Happy Presidents' Day, everyone! Last week I wrote about what the current U.S. President hasn't and can't do, but today, in the interests of a day dedicated to the leaders of the U.S., I want to discuss what the current U.S. President has done that actually results in some positive change. President Joseph R. Biden, Jr. will soon present to the U.S. Congress his proposal for the U.S. Citizenship Act of 2021, but before he does so, we should focus on some executive actions that he believes don't require the consent of the U.S. Congress and that he's taken already.

Executive actions taken by President Joseph Biden:

  1. Rescinding the interior-enforcement order previously in place and instead, calling for a review so that enforcement priorities may be established (note that the deportation moratorium that was ordered by U.S. President Biden is currently on hold by a federal judge);
  2. Begin rolling back the new "public charge" rule to what it was previously;
  3. Including undocumented immigrants in the census;
  4. Reversing the travel ban affecting particular Muslim and African nations;
  5. Protecting, in a memorandum, Deferred Action of Childhood Arrivals ("DACA");
  6. Stopping, in a proclamation, construction of the border wall and even successfully asking the U.S. Supreme Court to cancel oral argument regarding the U.S. government's petition from an appellate court's ruling to stop the construction;
  7. Reinstating, in a memorandum, deferred enforced departure ("DED") for Liberians;
  8. Ending the remain-in-Mexico policy, part of the Migrant Protection Protocols ("MPP"), for asylum seekers seeking entry at the U.S.'s southern border and even successfully asking the U.S. Supreme Court to cancel oral argument regarding the U.S. government's petition from an appellate court's ruling to stop such a policy;
  9. Rebuilding the U.S. refugee-resettlement program;
  10. Reuniting family members separated at the border; and
  11. Freezing proposed or finalized regulations that have not yet gone into effect, including the regulation that would replace the H-1B-lottery system with a system where only the highest paid H-1B beneficiaries would be eligible (was supposed to go into effect March 9th) and the regulation that required H-1B beneficiaries to be paid higher than U.S. workers (was supposed to go into effect March 15th).
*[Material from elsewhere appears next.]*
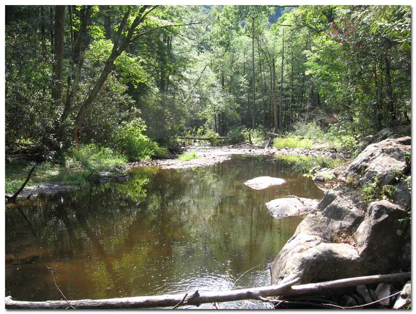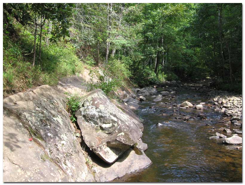 We start this part of the hike walking on a narrow rock ledge. This is a slightly tricky section of the trail. It's an easy place to lose a pet or person so we pick our way across carefully. The path becomes nice and flat again while we cruise past rocks and water. Pools of calm water form in natural hollows and beaver ponds. Trout inhabit the waters of Laurel Fork. Far upstream beyond the Dennis Cove campground special trout fishing rules apply. Search "trout regulations" for this stream at the TWRA site for details. We aren't fly fishing today so we walk on.

Therefore, there's a lot that has already taken place, and there's even more that can be done even if the U.S. Citizenship Act of 2021 never sees the light of day in the U.S. Congress. For now, those who believe they may be able to benefit from the changes that have taken place thus far should dive into the details of the various executive actions, preferably with the assistance of a legal expert.